Holy Bull’s stud fee, which had been $25,000 from the time he arrived at the farm, was lowered to $15,000 in 2004. Somewhat as a result, and because of his age, Holy Bull wasn’t being bred to the same quality of broodmares as he had been in earlier years, Hampton said.

But in the breeding world, siring a Derby winner usually boosts the fortunes – and the fee – of the stallion. Since siring 2003 winner Funny Cide, Distorted Humor’s fee has risen from $20,000 to $60,000. Elusive Quality, Smarty Jones’ sire, had his fee increased this year from $50,000 to $100,000.

Bell said it’s premature to say that Holy Bull’s fee will rise. But it’s safe to say more breeders already are seriously considering the iron-gray colt with flecks of reddish brown in his coat.

“I’ve got a feeling a few people might jump back on the ship,” Hampton said. “He’s still a grand-looking horse.”

Giacomo’s Derby win boosted Holy Bull to No. 2 on the 2005 leading sires list, behind only Devil His Due. Holy Bull’s offspring have won more than $2.86 million this year.

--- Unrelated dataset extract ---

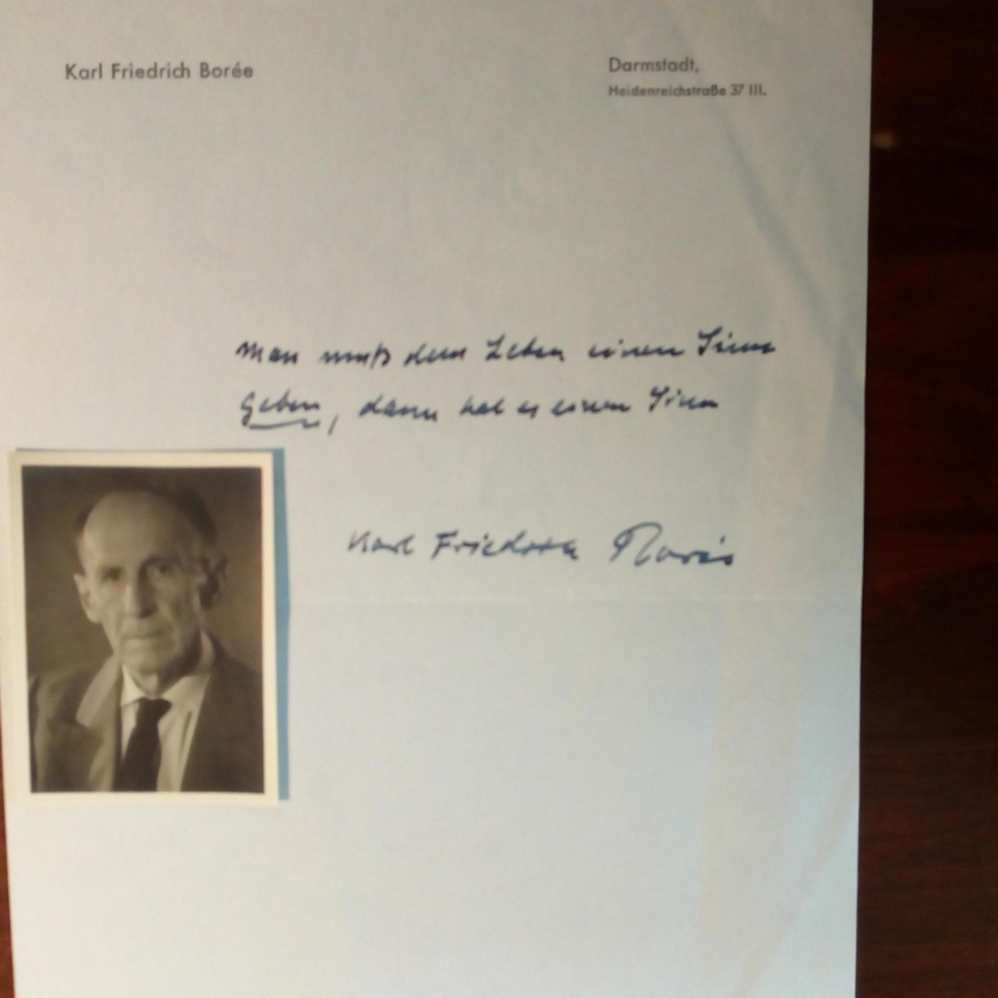 1886-1964, Schriftsteller - Passfoto mit Widm. mit U. auf Rückseite, August 1961. beiliegt 8°-Blatt mit e. Zitat und U., mit Briefkopf. "Man muß dem Leben einen Sinn geben, dann hat es einen Sinn!".

It’s the third time in eight years a Darley stallion has sired the Derby winner. Elusive Quality and Quiet American, the father of 1998 winner Real Quiet, both stand at Gainsborough Farm in Versailles, which is owned by Sheik Mohammed’s older brother, Sheik Maktoum bin Rashid al Maktoum, the vice president and prime minister of the United Arab Emirates and the ruler of Dubai.

“It’s really why you put all the time and effort and energy into these things,” Bell said of the Derby successes. “It is a lot of people doing a lot of good things to have this kind of a result. If you get to have the results on one day, then the first Saturday in May would be the one to shoot for.”